To the problem proposed in the beginning of this section, by the data in Table 4, we could solve it now. When you use the same data set, and adopt the RFE to extract features in an experiment. To get the best performance, you should know that different classifiers need different dimensions of the features. Because we only use the success rate as the criterion to assess the performance of the classifiers, we could not affirm the features that we selected will also display better on the Reject rate, Extremal margin, and Median margin [20] which are often used as the criterions to assess the performance of the classifiers. We will do this work in the future.
When you are given a particular classification technique, it is conceivable to select the best subset of features satisfying a given “model selection” criterion by exhaustive enumeration of all subsets of features. But in our paper, we do not adopt it because we apply it to some algorithms, and find that the results yield not significantly different from the method we used in the Table 4.
The different feature selection methods: In the last subsection, we have presented the feature selection is so important to classify the gene data. If we change the feature selection, what will the performance of the classifier be? We compare the RFE with the feature selection method which is proposed in Golub et al. [20], we call this method as Baseline and we adopt random number. In this experiment, we only adopt the SVM-Ensemble classifier.
The ranking criterion of the features used by Golub et al. is defined as Equation 1:
rank(i) = (μi (+) − μi (−)) / (σi (+) +σi (−)) (1)

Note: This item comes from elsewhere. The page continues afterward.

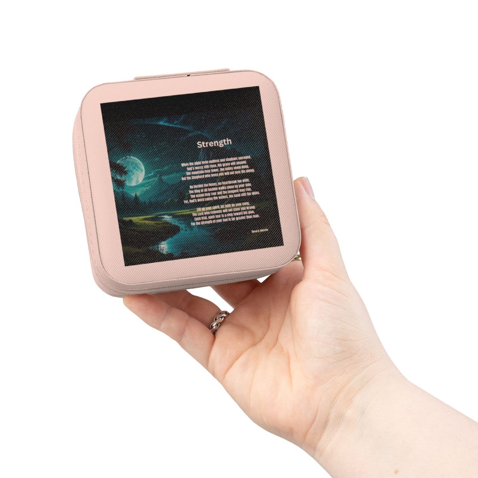 A compact, softly lined jewelry travel case crafted to keep your most delicate pieces protected, and your spirit encouraged, wherever life leads. The square PU leather exterior opens with a secure zip-around closure to reveal four divided compartments, cushioned ring rolls, and three necklace hooks tucked beneath a slim pocket. Earrings, rings, studs, and chains stay separated and tangle-free, while the plush interior gently cushions metals and gemstones against scratches. Its small 4” x 4” x 2” footprint slips effortlessly into a purse, carry-on, or weekend bag, making it perfect for both travel and daily devotion.

where μi and σiare the mean and standard deviation of the gene expression values of gene i for all the samples. Large positive rank (i) values indicate strong correlation with class (+) whereas large negative rank (i) values indicate strong correlation with class (-). In Figure 8, when the number of genes is small, the success rate between different feature selection methods is obviously difference. But when the number of genes becomes large, the success rate is same. Because the more features, the more redundancy. By comparing the curves in Figure 8, we could conclude that the RFE performs better than the Baseline and the Random at the problem of the gene classification.
In this paper, we have applied the feature selection to improve the Adaboost algorithm. In this algorithm, genes are selected by the RFE method. As a result, the obtained gene subset has good discriminative capability for classification. By observing these experimental results on two public microarray datasets, we get these conclusions:
1. The ensemble method improves the performance of the SVM classifiers at some extent.
2. Selecting the feature subset and how to extract the features have fatal effect on the problem of the gene classification.
3. By the ROC curve, we find the performances of the Adaboost based on the SVM is better than the Adaboost based on the decision-trees.
Although, we get some good results on the breast data set with the ensemble method based on the SVM. But when we apply the algorithm on the leukemia data set, the results are so bad. If the performance of the SVM is better on some data, then the ensemble will be useless. However, what lead ensemble method based on the SVM to be ineffective, this will be done in the future.
The research is partly supported by the National Natural Science Foundation of China (61203282) and National University students Innovation Training Project of Xiamen University (2015, PI:Gan Chen).